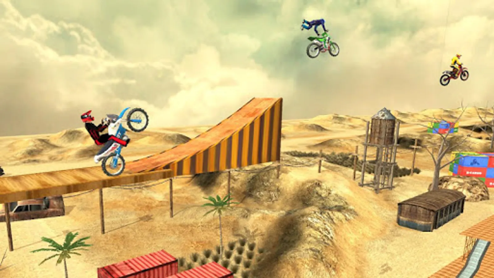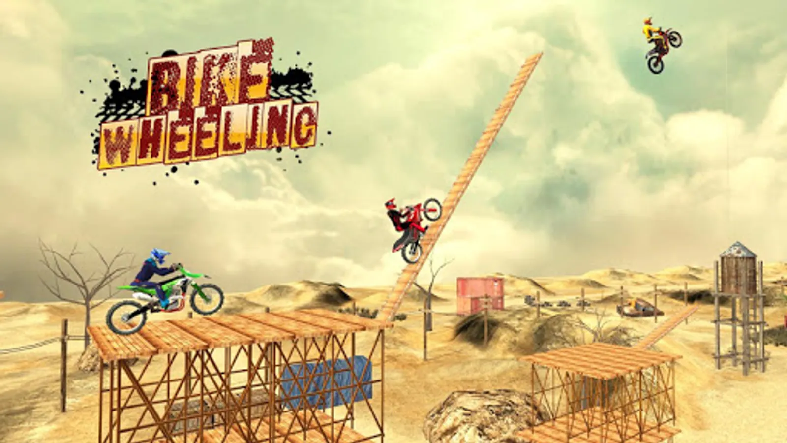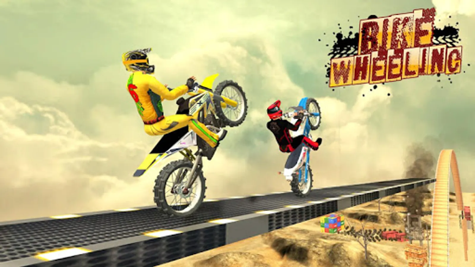 Do daring wheelies on few points assigned for you, otherwise you fail! Turn your wheel, burn your tires now. Explore the Desert Theme and Mud theme as a realistic 3D environments! Cross the challenging obstacles & wild slopes in mid air. Try to find the right balance between power and grip while staying in Happy Bike Wheels. Use your motorcycle driving tricks and complete dangerous challenges and make all achievements of this stunt game.
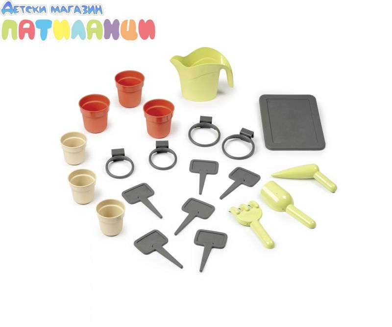 Включени са много аксесоари за подобряване на функциите за игра: 3 инструмента (лопата, гребло, сеялка), 6 саксии, 1 плоча за отбелязване на вашите насаждения, знаци за зеленчуковата градина (с текстура на плоча за писане с тебешир), както и малка книжка за градинар с 3 щипки за закачане на етикети или пакети със семена.
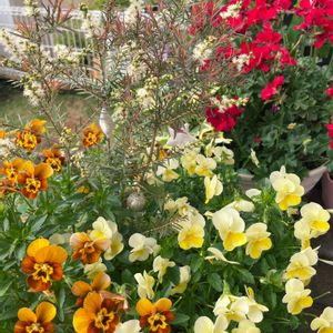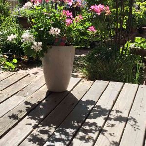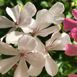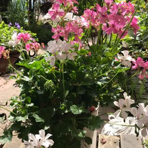 玄関前の板壁ガーデンです🏠 ①アイビーゼラニウムのトムキャットが開花しました️🖤 赤黒、八重咲きでお気に入りです。 ②ゼラニウムのマルカダホワイトです。 中央のピンクラインがステキです😍 ③ミニバラのボルドーコルダナ🌹 ボルドーではなく真っ赤なバラでした。 ミニつるバラの夢乙女も満開です🌸

**WHAT IS BEING ASKED:** Repeat the listing in full and exactly. Do not include any images.

**RESPONSE AREA:**
 Do daring wheelies on few points assigned for you, otherwise you fail! Turn your wheel, burn your tires now. Explore the Desert Theme and Mud theme as a realistic 3D environments! Cross the challenging obstacles & wild slopes in mid air. Try to find the right balance between power and grip while staying in Happy Bike Wheels. Use your motorcycle driving tricks and complete dangerous challenges and make all achievements of this stunt game.
 Включени са много аксесоари за подобряване на функциите за игра: 3 инструмента (лопата, гребло, сеялка), 6 саксии, 1 плоча за отбелязване на вашите насаждения, знаци за зеленчуковата градина (с текстура на плоча за писане с тебешир), както и малка книжка за градинар с 3 щипки за закачане на етикети или пакети със семена.
 玄関前の板壁ガーデンです🏠 ①アイビーゼラニウムのトムキャットが開花しました️🖤 赤黒、八重咲きでお気に入りです。 ②ゼラニウムのマルカダホワイトです。 中央のピンクラインがステキです😍 ③ミニバラのボルドーコルダナ🌹 ボルドーではなく真っ赤なバラでした。 ミニつるバラの夢乙女も満開です🌸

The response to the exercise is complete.